1212.02(a) Situations in Which a Claim of Distinctiveness Under §2(f) Is Appropriate
A claim of distinctiveness by the applicant under §2(f) is usually made either in response to a statutory refusal to register or in anticipation of such a refusal. See TMEP §714.05(a)(i). A claim of distinctiveness is appropriately made in response to, or in anticipation of, only certain statutory refusals to register. For example, it is inappropriate to assert acquired distinctiveness to contravene a refusal under §2(a), (b), (c), (d), or (e)(5), 15 U.S.C. §1052(a), (b), (c), (d), (e)(5). Furthermore, acquired distinctiveness may not be asserted to contravene a refusal under §2(e)(3), 15 U.S.C. §1052(e)(3), unless the mark became distinctive of the applicant’s goods in commerce before December 8, 1993, the date of enactment of the NAFTA Implementation Act (see TMEP §1210.07(b))). See TMEP §§1210.05(d)–1210.05(d)(ii) regarding procedures for refusing registration under §2(a) in response to a claim that a geographically deceptive mark acquired distinctiveness prior to December 8, 1993.

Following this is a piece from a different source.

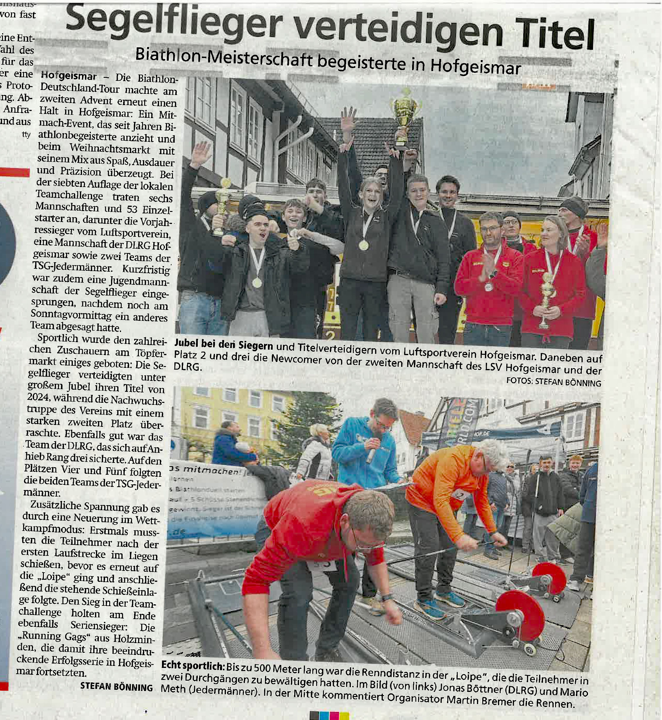 Der Rückstand für die vier Titelverteidiger hält sich in Grenzen (60 Sekunden), weil Maximilian Niederbremer mit 7 Treffern und schnellem Skilanglauf seine Vorlaufleistung um satte 38 Sekunden verbessert. Leider kann Martin Wagenknecht seine Vorlaufleistung mit 7 Treffern nicht wiederholen und muss nach 6 Fehlschüssen Running Gag Lena Timmermann ziehen lassen, die 9 von 10 Schüssen im Ziel unterbringt und hinter Papa und Bruder als beste Dame des Tages Platz 3 belegt. Linus Timmermann macht den Sieg der Running Gags perfekt, die nur 14:45 Minuten für den neuen Modus mit Liegend- und Stehendschießen benötigen (Im Vergleich: Am Vortag schaffte die seit Jahren überragende Staffel des SV Bieber Lendringsen beim Mendener Citybiathlon im gleichen Modus 14:24 Minuten. In Menden wären die Running Gags mit ihren 14:45 Minuten Zweite geworden). In Hofgeismar sind sie die Besten, doch um den Stadtmeistertitel kämpfen die Lokalmatadoren und da ist es ein Duell der beiden Teams des Luftsportvereins, das durch starke 3:20 Minuten und 6 Treffer von Michi Kupski für die Jungen Wilden kurzzeitig nocheinmal spannend wird, bis die erneut so großartig schießende Sina Junghans, wie im Vorjahr ihr Team des Luftsportvereins 1 als Schlussläuferin mit 8 Treffern und 4:10 Minuten im zweiten Jahr in Folge zum Biathlonstaffel-Stadtmeister-Titel führt. Im Vorlauf hatte Sina sogar 9 ihrer 10 Schüsse ins Ziel gebracht und damit als Viertbeste des Tages nur die 3 Überflieger aus Holzminden vor sich. Platz 2 der Staffel-Stadtmeisterschaft bringt der 1. Vorsitzende des Luftsportvereins, Christoph Danders, persönlich für seine Jungen Wilden nach Hause und macht damit die Segelflieger vom Dingel zum Maß der Dinge in Sachen Biathlon in Hofgeismar.
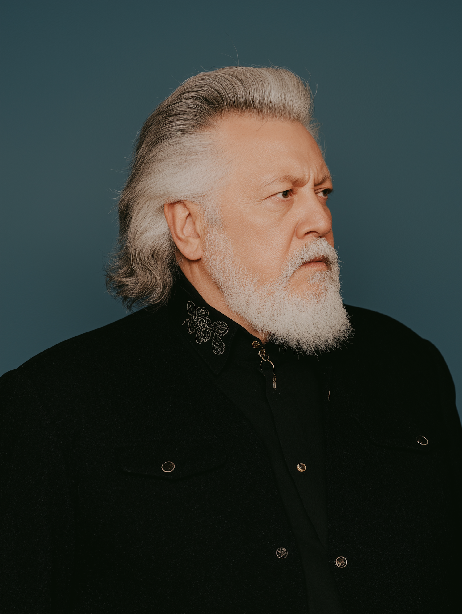 A portrait of a handsome older man with piercing features, dressed in black embroidery against a teal background.

In In re Soccer Sport Supply Co., 507 F.2d 1400, 1403 n.3, 184 USPQ 345, 348 n.3 (C.C.P.A. 1975), the Court of Customs and Patent Appeals noted as follows:
[T]he judicially developed concept of “secondary meaning,” codified by section 2(f) (15 U.S.C. 1052(f)), relates to descriptive, geographically descriptive, or surname marks which earlier had a primary meaning which did not indicate a single source and were, therefore, unregistrable because of section 2(e) (citation omitted). Additionally, section 2(f) has been applied to permit registration of a mark consisting solely of a design and, therefore, not within the purview of section 2(e).